> Exercise material
Content starts
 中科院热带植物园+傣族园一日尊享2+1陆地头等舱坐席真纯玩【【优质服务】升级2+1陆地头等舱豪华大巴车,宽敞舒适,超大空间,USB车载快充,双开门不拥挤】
Content ends
Content starts
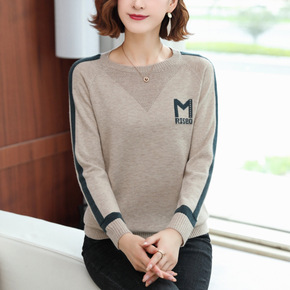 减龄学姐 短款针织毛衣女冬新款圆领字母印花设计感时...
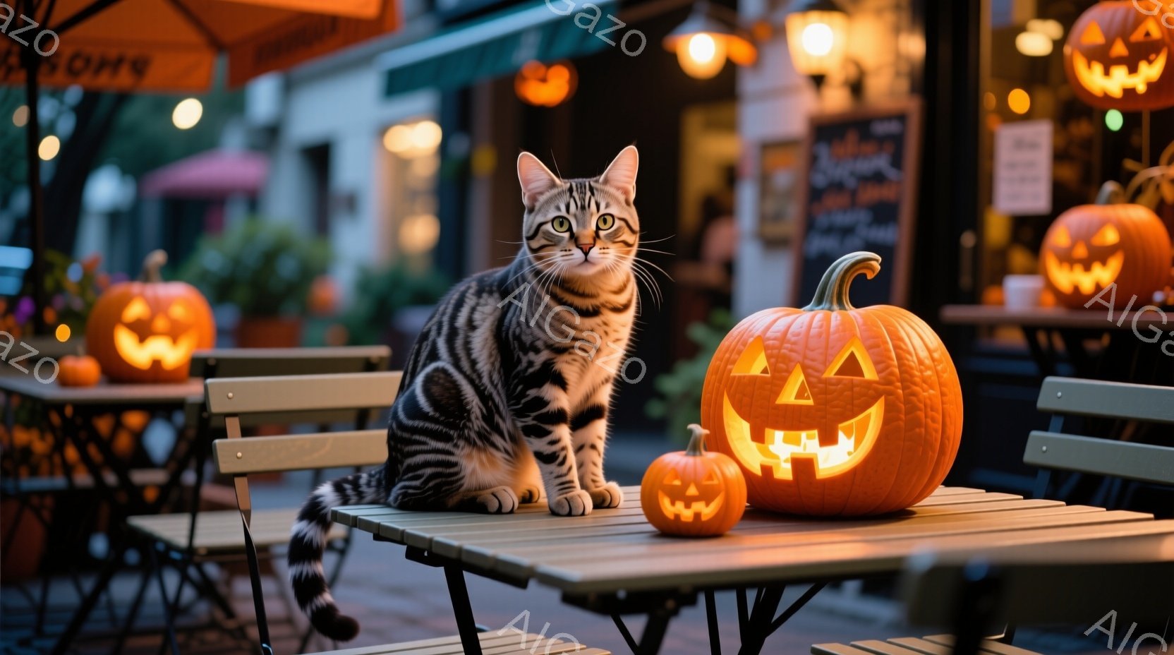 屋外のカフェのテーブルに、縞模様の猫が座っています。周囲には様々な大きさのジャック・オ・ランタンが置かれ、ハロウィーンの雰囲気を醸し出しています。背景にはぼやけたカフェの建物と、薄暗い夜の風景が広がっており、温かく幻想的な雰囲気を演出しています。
Content ends
Content starts
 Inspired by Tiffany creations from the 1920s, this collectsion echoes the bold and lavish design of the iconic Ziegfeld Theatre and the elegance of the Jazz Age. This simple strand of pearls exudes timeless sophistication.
Content ends
> Exercise goal
In the listing above, find the line containing "减龄学姐 短款针织毛衣女冬新款圆领字母印花设计感时..." and the line containing "屋外のカフェのテーブルに、縞", then output those two lines and everything between them exactly as written, without the images.

> Solution to the exercise
 减龄学姐 短款针织毛衣女冬新款圆领字母印花设计感时...
 屋外のカフェのテーブルに、縞模様の猫が座っています。周囲には様々な大きさのジャック・オ・ランタンが置かれ、ハロウィーンの雰囲気を醸し出しています。背景にはぼやけたカフェの建物と、薄暗い夜の風景が広がっており、温かく幻想的な雰囲気を演出しています。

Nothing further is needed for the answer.